Есть особый феномен в нашей литературе, особая миссия и даже добровольная «должность» — «писательская вдова», спаситель, хранитель, публикатор и пропагандист сочинений своего мужа. Среди наиболее известных — Надежда Мандельштам, Елена Булгакова, Алла Андреева, но в этой череде замечательных женщин, судеб зачастую куда более трагических и героических, чем вошедшие в историю «декабристки», есть и другие, менее известные и не так ярко проявившие самих себя в слове, но не менее любящие и самоотверженные. Среди таких — и Елена Вялова-Васильева, собиравшая по крохам стихи Павла для первого, посмертного его сборника.

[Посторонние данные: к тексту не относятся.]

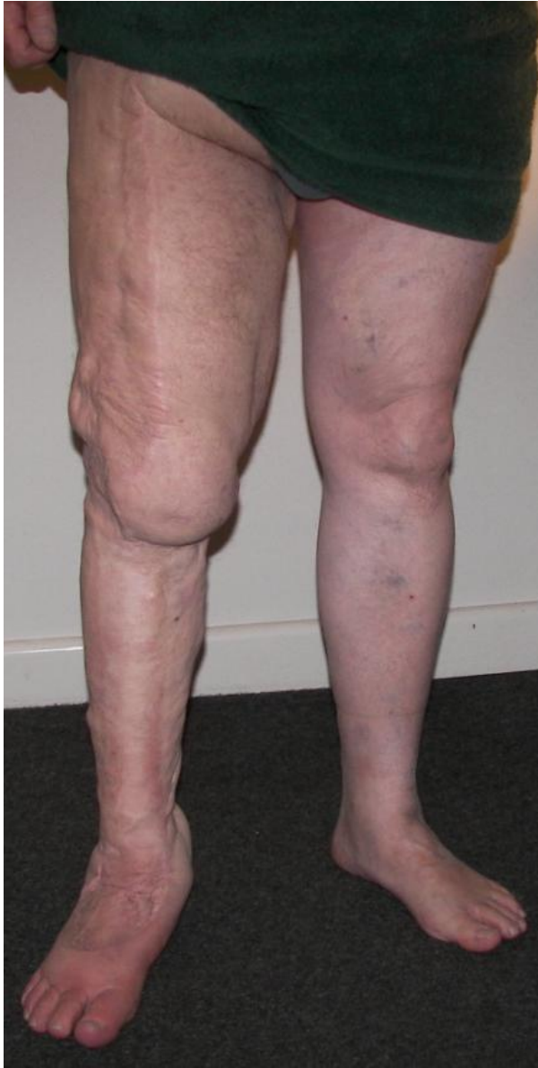
Anterior view right leg
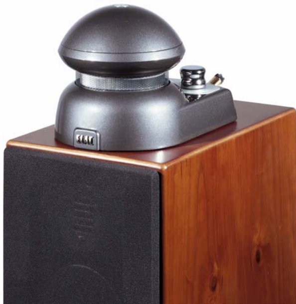
New 4 PI PLUS.2 on bookshelf speaker BS 204.2

The new 4 PI PLUS.2 ribbon super-tweeter is an add-on component that creates a perfect, spacious sound impression when installed on conventional loudspeakers. The parallel connection of this add-on tweeter leads to a homogeneous directional pattern up to the tweeter's highest operating range of an outstanding 53 kHz. The combination of direct-radiating loudspeakers, providing precise location and imaging and the omni-directional 4 PI PLUS.2 ribbon super-tweeter providing an open and airy sound, results in perfect spaciousness not found with any conventional loudspeaker. The 4 PI PLUS.2 can be user adjusted to suite an individual's listening preference, room character and to any loudspeakers' crossover frequency. The 4 PI PLUS.2 add-on super-tweeter is universally applicable. It can be used in all applications from stereo to home cinema. It is effective when used with rear speakers and centre speakers. A new sense of depth and height results in an impressive, "live" sound stage.
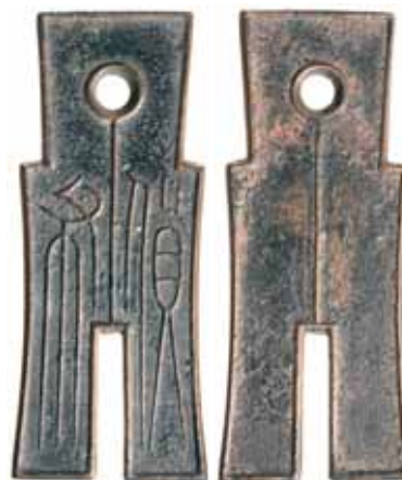
2136* China , Empire, Wang Mang, huo-pu 'The pu currency', spade money (18.84 g), height 60mm, width 24mm, (45 B.C. - 23 A.D.) Good very fine.
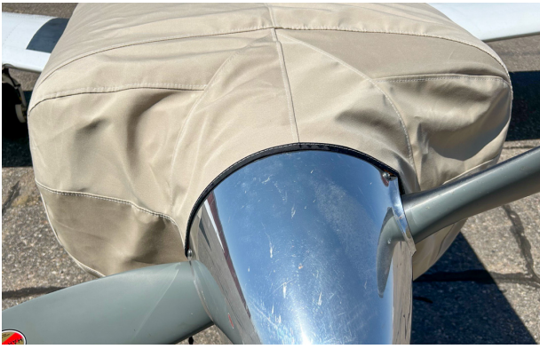
Piper PA-32 Saratoga Engine Cover
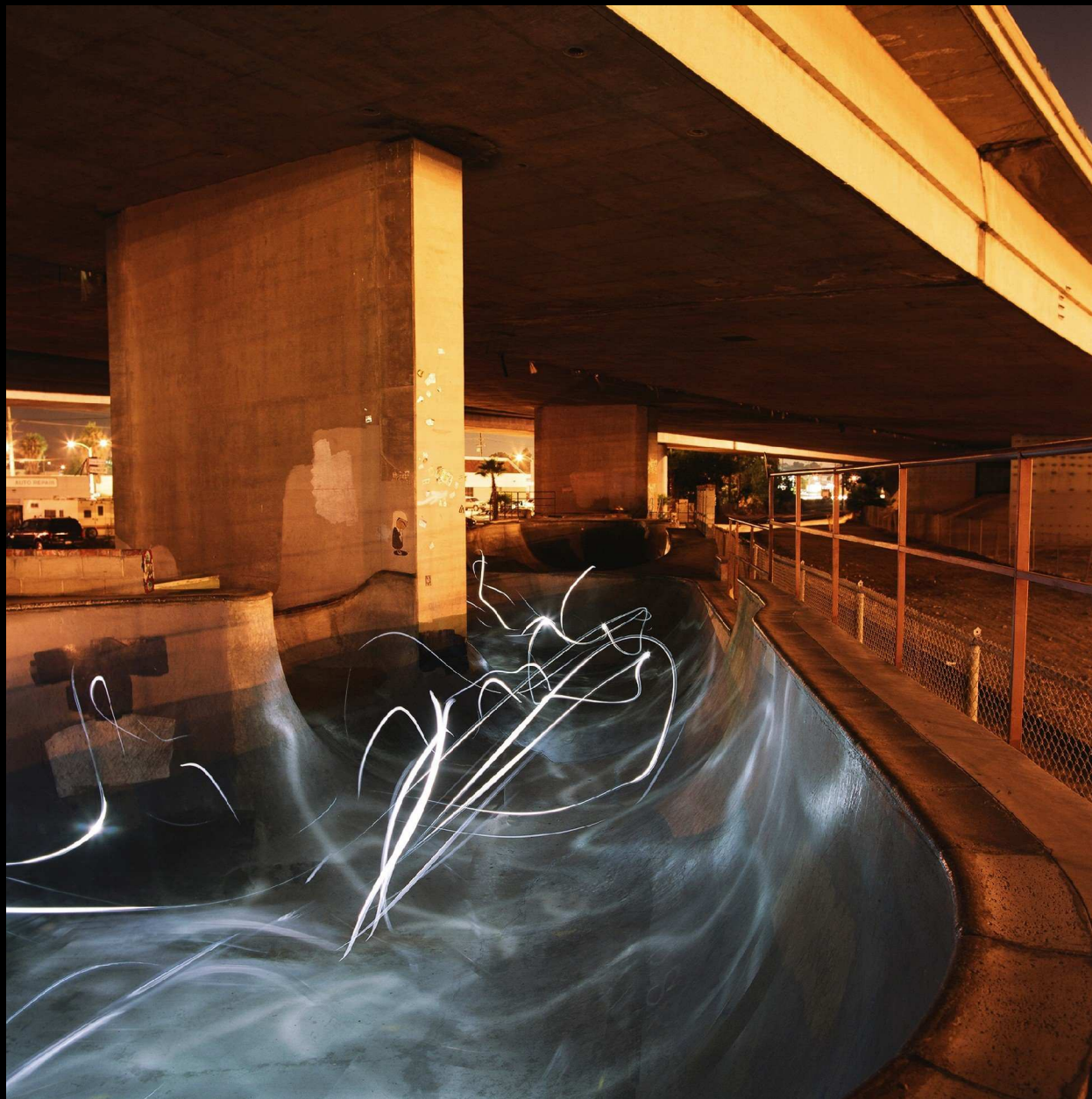
Dark Skate Los Angeles / San Pedro Self-Built, 2008 c-print 48 x 48 inches

Похожая судьба — и у других вдов писателей, объявленных «врагами народа». Почти все они, после возвращения из лагерей и ссылок — кто через десять, кто через пятнадцать, кто через двадцать лет — поседевшие, битые неволей, невзгодами и непосильным трудом, с подорванным здоровьем, посвятили остаток жизни памяти мужей: собирали и пробивали в печать их сочинения, делали все, чтобы о них не забыли.
Гражданская реабилитация погубленных государством талантов так запоздала, что превратилась, по сути, в ненужную и пустую формальность. Книги «врагов народа», даже их журнальные публикации, были изъяты из обращения и на целые десятилетия запрещены, отняты у читателя. Горы погибших, уже изданных книг! «Мы покрыли рубероидом всю страну», — признался уже в годы перестройки, плотоядно улыбаясь, цензор Вадим Солодин. Он имел в виду судьбу запрещенных и изъятых книг, пущенных на переработку.
Почти все рукописи, захваченные при обысках, великое множество, безвозвратно пропали на Лубянке. И мы уже никогда не узнаем истинной степени дара их авторов. Уничтожение писательского труда — тоже казнь. Невозможно даже представить, сколько плодов вдохновения и шедевров исчезло в этой бездне. Время от времени Лубянка, расщедрившись, передавала в государственные архивы отдельные бумаги, не распространяясь, откуда это взялось. Так, в Библиотеку Ленина, в отдел рукописей — туда, где схоронен «Статиръ»! — попали изъятые где-то при обыске индийские древние рукописи на пальмовых листьях или письма Гавриила Державина… Но за редким исключением все кануло в Лету!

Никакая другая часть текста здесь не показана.